[SUPPLIED RECORDS Boundary: Start]
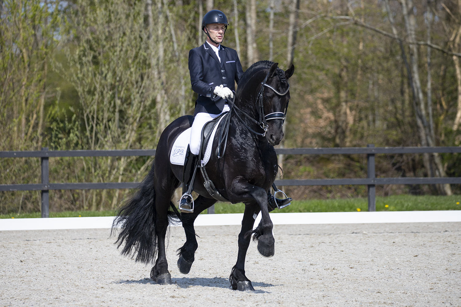 Met twaalf winstpunten in 5 wedstrijden is ruiter Bennie van Es meer dan tevreden: ‘We hadden natuurlijk niet zoveel wedstrijdritme door al het gedoe rondom corona, maar eigenlijk vanaf onze start in de Prix St. George deze zomer merkte ik dat Tizian het werk goed aan kan.’ Met scores tussen de 68 en 72% lijkt dat bijna een understatement maar Bennie is vol vertrouwen wat betreft de hengst. ‘Het is gewoon echt een heel goed paard met veel kracht en uithoudingsvermogen, ik hoef niet veel te vragen want hij doet het in de baan gewoon voor me.’
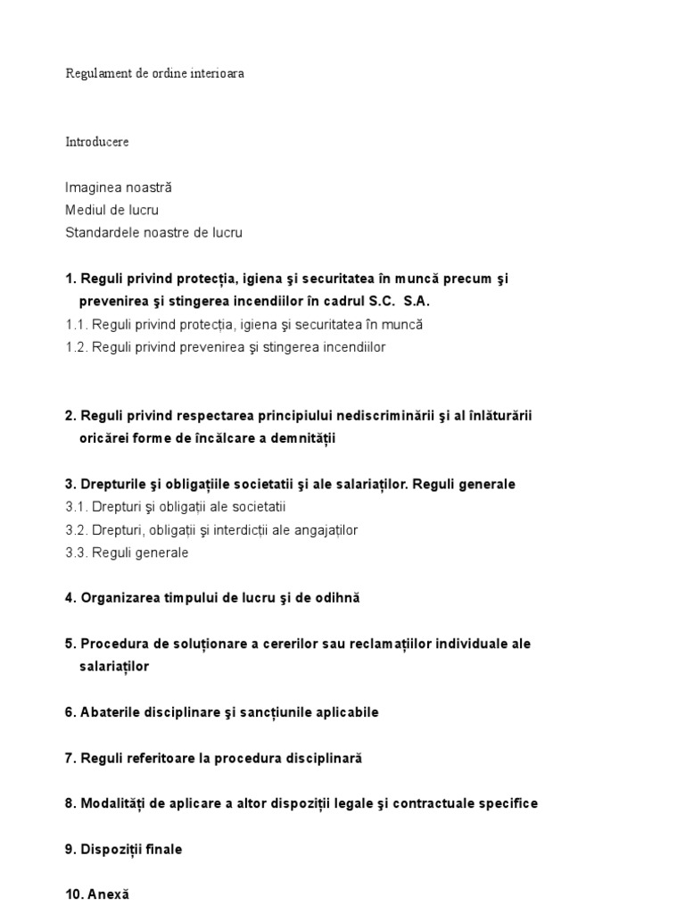 Inspectoratul teritorial de munca al municipiului bucuresti. Regulament intern denumit in continuare angajatorul in scopul stabilirii la nivelul angajatorului a regulilor privind protectia igiena si securitatea in munca drepturile si obligatiile angajatorului si ale salariatilor procedura de solutionare a cererilor sau reclamatiilor individuale ale salariatilor regulile concrete privind disciplina muncii in unitate abaterile disciplinare si. Model de regulament intern descarca word descarca pdf. 149 din 25 februarie 2019 notă.
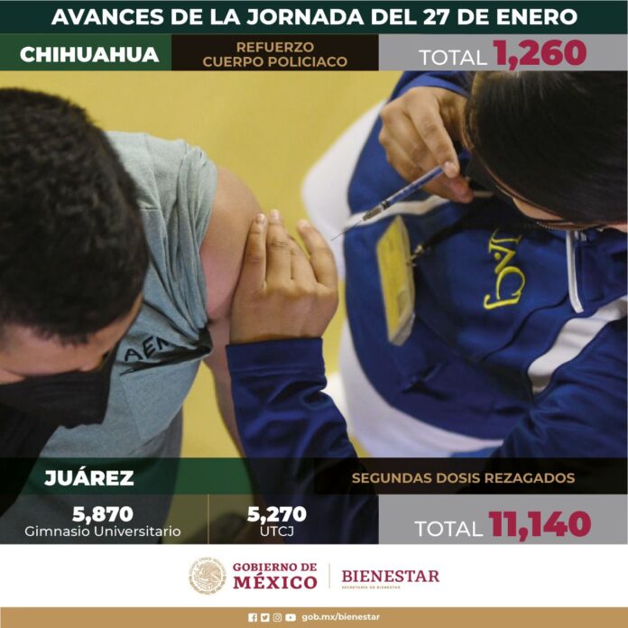 Ciudad Juárez, Chih. (ADN / Martín Orquiz) – Durante el primer día de la jornada para aplicar segunda dosis a rezagados mayores de 18 años, se logró inyectar a 11 mil 140 personas de 35 años y más, reportó personal de la Secretaría de Bienestar.
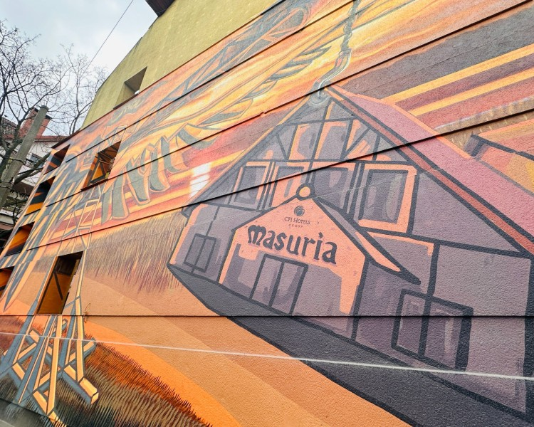 - Мазурия – большие краны возводят здание гостиницы Masuria. Эта работа представляет собой сюрреалистическое видение строительства в прекрасном регионе Мазур.
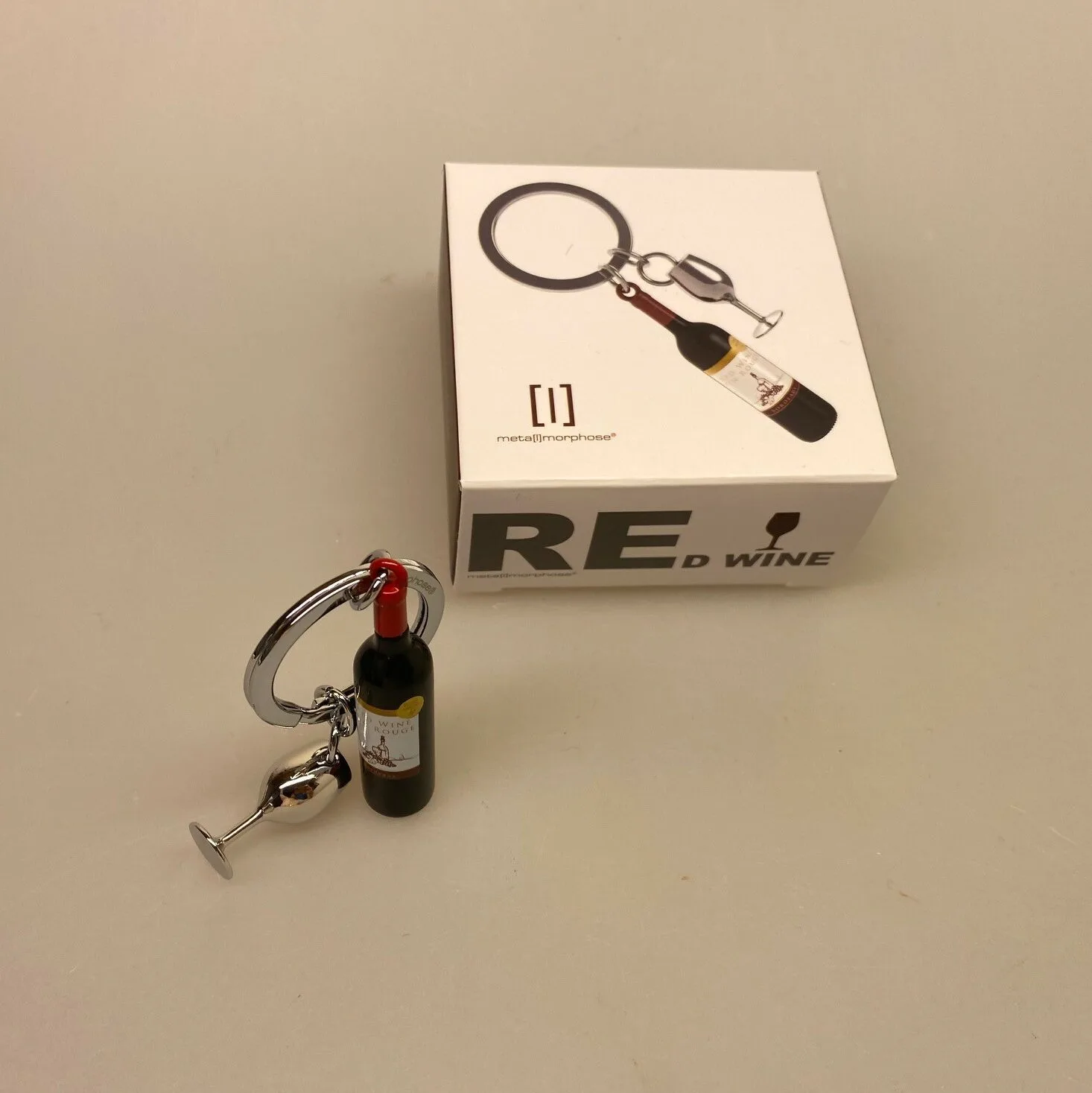 Lækker nøglering med fint og humoristisk vedhæng. Nøgleringen har en kraftig klassisk spaltring i blank sølvfarvet metal til nøglerne. På ringen er monteret to ringe med vedhæng. I det ene hænger en fin lille vinflaske – rødvin med rød banderole og hvid etiket med trykt motiv og Red Wine – Vin Rouge. Det andet vedhæng er et sølvfarvet rødvinsglas med stilk.
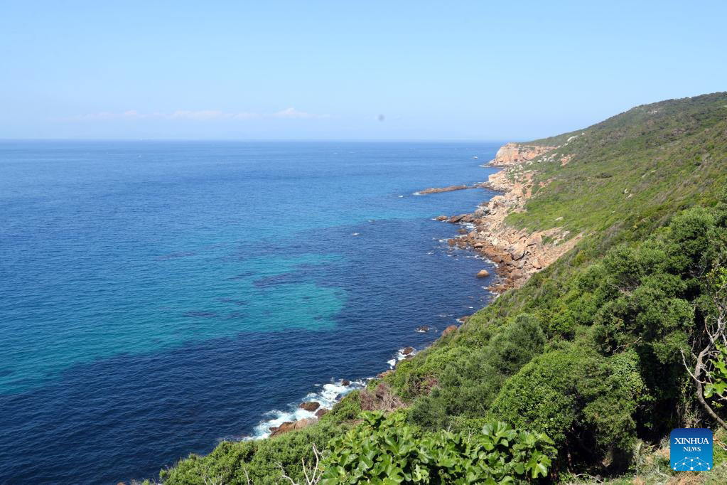 This photo taken on May 12, 2023 shows the seaside scenery seen on a mountain in Tangier, Morocco. (Xinhua/Sui Xiankai)
[SUPPLIED RECORDS Boundary: End]
Would you return the data above exactly as written, minus the images?

 Met twaalf winstpunten in 5 wedstrijden is ruiter Bennie van Es meer dan tevreden: ‘We hadden natuurlijk niet zoveel wedstrijdritme door al het gedoe rondom corona, maar eigenlijk vanaf onze start in de Prix St. George deze zomer merkte ik dat Tizian het werk goed aan kan.’ Met scores tussen de 68 en 72% lijkt dat bijna een understatement maar Bennie is vol vertrouwen wat betreft de hengst. ‘Het is gewoon echt een heel goed paard met veel kracht en uithoudingsvermogen, ik hoef niet veel te vragen want hij doet het in de baan gewoon voor me.’
 Inspectoratul teritorial de munca al municipiului bucuresti. Regulament intern denumit in continuare angajatorul in scopul stabilirii la nivelul angajatorului a regulilor privind protectia igiena si securitatea in munca drepturile si obligatiile angajatorului si ale salariatilor procedura de solutionare a cererilor sau reclamatiilor individuale ale salariatilor regulile concrete privind disciplina muncii in unitate abaterile disciplinare si. Model de regulament intern descarca word descarca pdf. 149 din 25 februarie 2019 notă.
 Ciudad Juárez, Chih. (ADN / Martín Orquiz) – Durante el primer día de la jornada para aplicar segunda dosis a rezagados mayores de 18 años, se logró inyectar a 11 mil 140 personas de 35 años y más, reportó personal de la Secretaría de Bienestar.
 - Мазурия – большие краны возводят здание гостиницы Masuria. Эта работа представляет собой сюрреалистическое видение строительства в прекрасном регионе Мазур.
 Lækker nøglering med fint og humoristisk vedhæng. Nøgleringen har en kraftig klassisk spaltring i blank sølvfarvet metal til nøglerne. På ringen er monteret to ringe med vedhæng. I det ene hænger en fin lille vinflaske – rødvin med rød banderole og hvid etiket med trykt motiv og Red Wine – Vin Rouge. Det andet vedhæng er et sølvfarvet rødvinsglas med stilk.
 This photo taken on May 12, 2023 shows the seaside scenery seen on a mountain in Tangier, Morocco. (Xinhua/Sui Xiankai)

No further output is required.